Required work: Word for word, restate the lines of the data below between those holding "運動型揹帶褲 [設計特色] 粗花呢揹帶褲,帶有運動型揹帶褲細節。衣身後腰的雪松斜紋布帶可以拉開,打造不同的輪廓。使用的面料是" and "Miami Dolphins wide", inclusive; pictures do not belong in the copy.
___ Data in this exercise
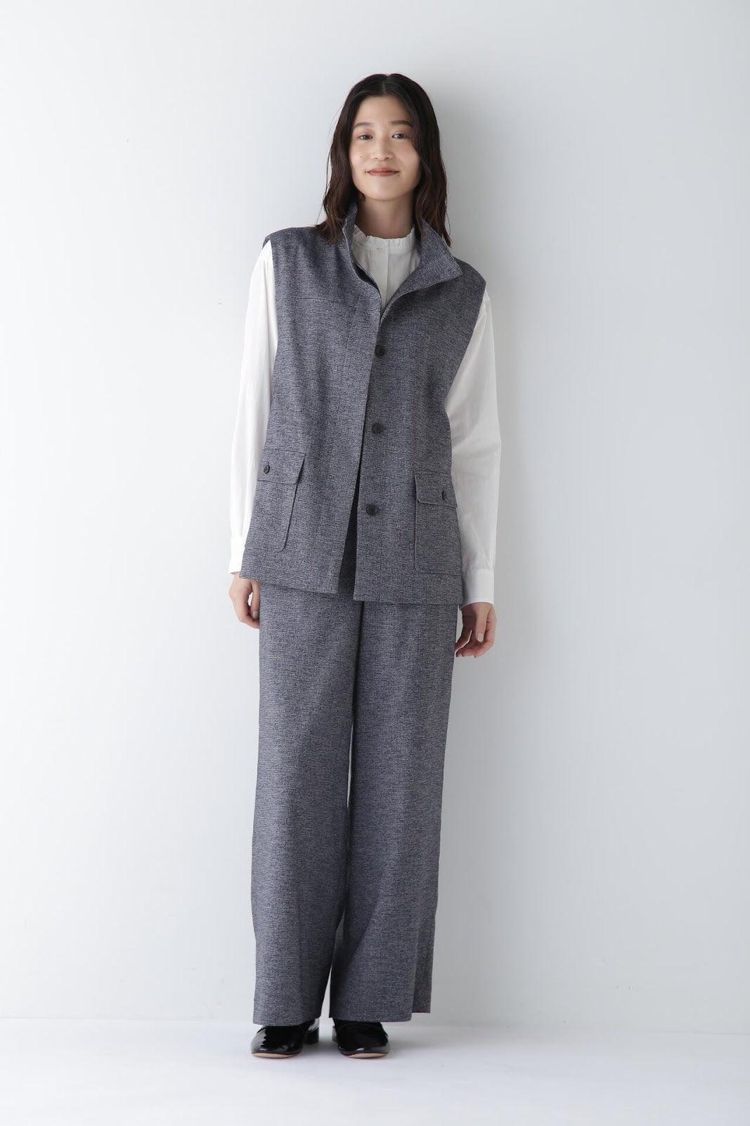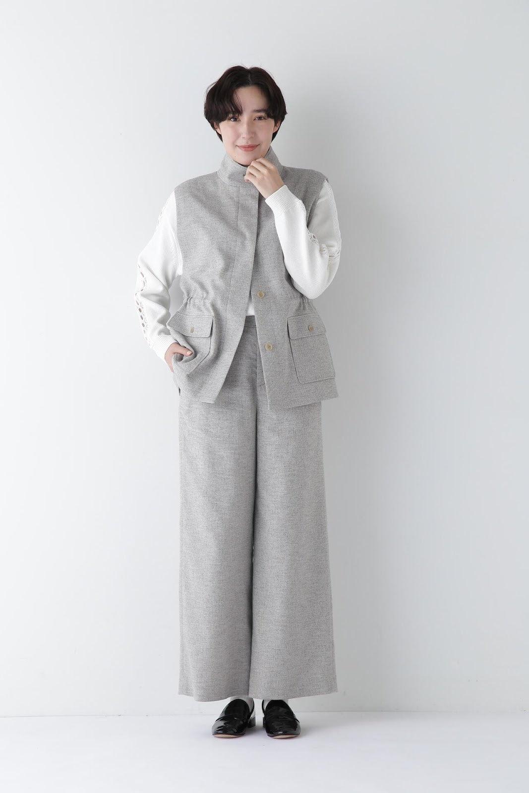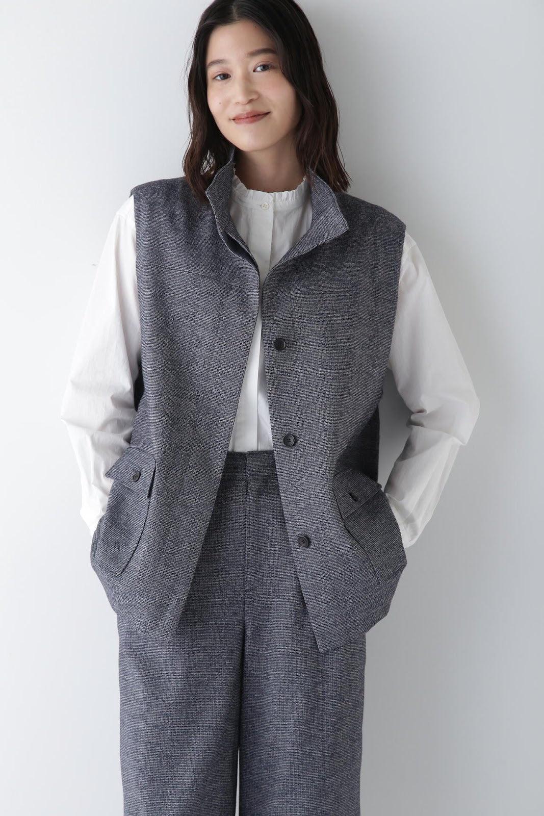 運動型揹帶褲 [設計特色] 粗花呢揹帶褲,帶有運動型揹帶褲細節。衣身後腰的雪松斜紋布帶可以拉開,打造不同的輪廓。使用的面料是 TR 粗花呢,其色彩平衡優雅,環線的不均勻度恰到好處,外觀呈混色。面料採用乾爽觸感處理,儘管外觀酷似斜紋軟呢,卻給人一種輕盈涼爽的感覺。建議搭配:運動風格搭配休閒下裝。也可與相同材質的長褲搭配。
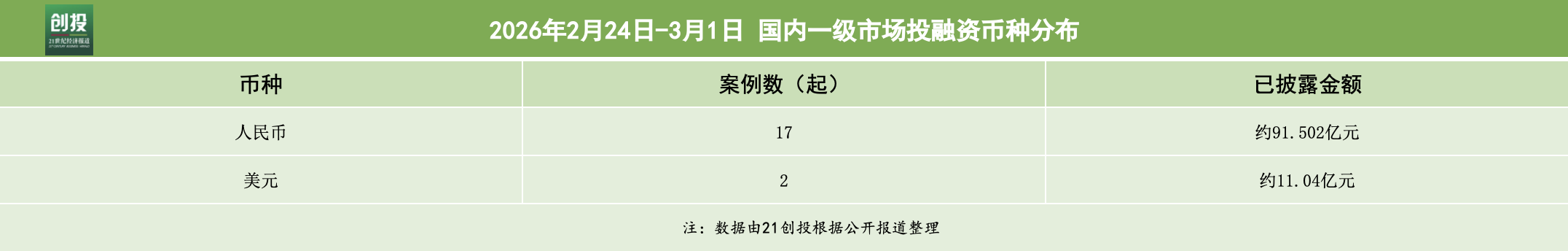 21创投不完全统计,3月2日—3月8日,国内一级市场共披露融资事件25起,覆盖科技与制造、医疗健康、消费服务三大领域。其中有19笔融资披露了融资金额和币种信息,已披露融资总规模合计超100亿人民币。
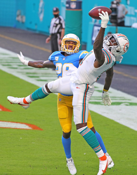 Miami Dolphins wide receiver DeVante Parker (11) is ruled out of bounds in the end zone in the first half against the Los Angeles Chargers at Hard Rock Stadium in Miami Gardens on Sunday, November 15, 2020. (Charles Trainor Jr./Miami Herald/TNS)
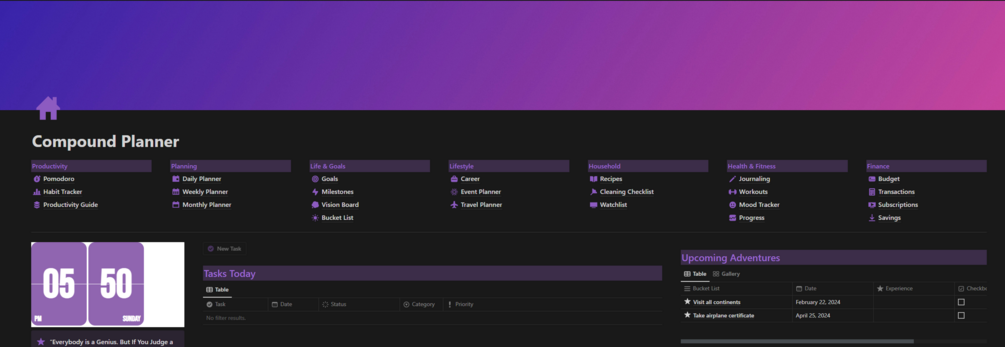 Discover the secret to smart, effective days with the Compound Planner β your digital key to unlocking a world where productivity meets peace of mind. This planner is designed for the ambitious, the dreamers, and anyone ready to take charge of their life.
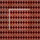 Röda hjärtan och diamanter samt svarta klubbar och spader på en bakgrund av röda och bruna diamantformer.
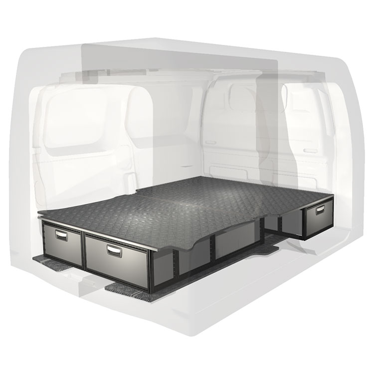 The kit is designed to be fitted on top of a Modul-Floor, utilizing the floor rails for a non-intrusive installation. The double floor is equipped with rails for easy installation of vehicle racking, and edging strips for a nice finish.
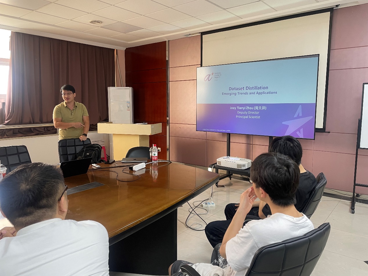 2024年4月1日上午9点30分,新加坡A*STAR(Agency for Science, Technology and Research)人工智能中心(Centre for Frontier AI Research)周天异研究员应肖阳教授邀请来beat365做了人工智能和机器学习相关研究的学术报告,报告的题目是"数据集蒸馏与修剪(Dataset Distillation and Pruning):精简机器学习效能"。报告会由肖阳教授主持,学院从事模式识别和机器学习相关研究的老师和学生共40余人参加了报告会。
______
___ Data in this exercise
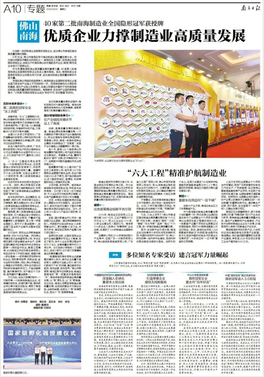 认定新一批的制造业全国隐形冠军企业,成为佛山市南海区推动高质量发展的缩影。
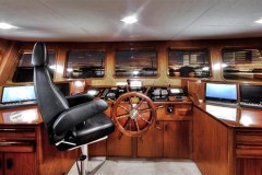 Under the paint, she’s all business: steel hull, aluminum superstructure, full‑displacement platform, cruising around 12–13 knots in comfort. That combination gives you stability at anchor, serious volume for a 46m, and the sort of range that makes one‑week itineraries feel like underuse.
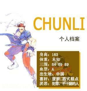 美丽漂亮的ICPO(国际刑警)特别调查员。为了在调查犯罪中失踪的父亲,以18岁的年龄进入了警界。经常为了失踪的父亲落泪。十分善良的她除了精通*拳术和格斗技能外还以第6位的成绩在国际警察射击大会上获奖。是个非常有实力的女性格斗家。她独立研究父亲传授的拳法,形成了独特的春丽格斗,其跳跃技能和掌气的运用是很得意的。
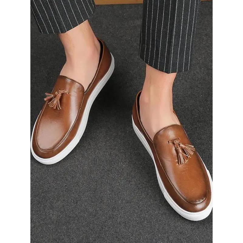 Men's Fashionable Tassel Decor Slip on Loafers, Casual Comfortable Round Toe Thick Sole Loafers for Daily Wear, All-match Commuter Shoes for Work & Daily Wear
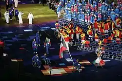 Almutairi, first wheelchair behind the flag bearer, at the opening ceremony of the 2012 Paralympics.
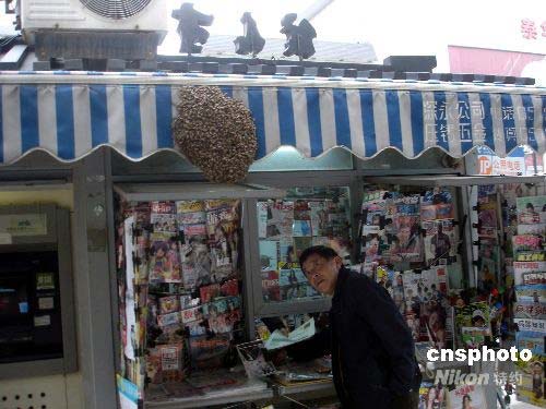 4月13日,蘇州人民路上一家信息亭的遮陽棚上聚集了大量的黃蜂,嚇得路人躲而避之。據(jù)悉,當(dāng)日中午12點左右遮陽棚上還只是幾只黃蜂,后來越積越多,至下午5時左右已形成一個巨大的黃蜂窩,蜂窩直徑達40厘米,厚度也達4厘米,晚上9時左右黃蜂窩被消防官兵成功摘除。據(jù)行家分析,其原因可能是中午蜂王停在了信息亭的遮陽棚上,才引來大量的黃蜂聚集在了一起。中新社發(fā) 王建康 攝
______
Result for this exercise:
 運動型揹帶褲 [設計特色] 粗花呢揹帶褲,帶有運動型揹帶褲細節。衣身後腰的雪松斜紋布帶可以拉開,打造不同的輪廓。使用的面料是 TR 粗花呢,其色彩平衡優雅,環線的不均勻度恰到好處,外觀呈混色。面料採用乾爽觸感處理,儘管外觀酷似斜紋軟呢,卻給人一種輕盈涼爽的感覺。建議搭配:運動風格搭配休閒下裝。也可與相同材質的長褲搭配。
 21创投不完全统计,3月2日—3月8日,国内一级市场共披露融资事件25起,覆盖科技与制造、医疗健康、消费服务三大领域。其中有19笔融资披露了融资金额和币种信息,已披露融资总规模合计超100亿人民币。
 Miami Dolphins wide receiver DeVante Parker (11) is ruled out of bounds in the end zone in the first half against the Los Angeles Chargers at Hard Rock Stadium in Miami Gardens on Sunday, November 15, 2020. (Charles Trainor Jr./Miami Herald/TNS)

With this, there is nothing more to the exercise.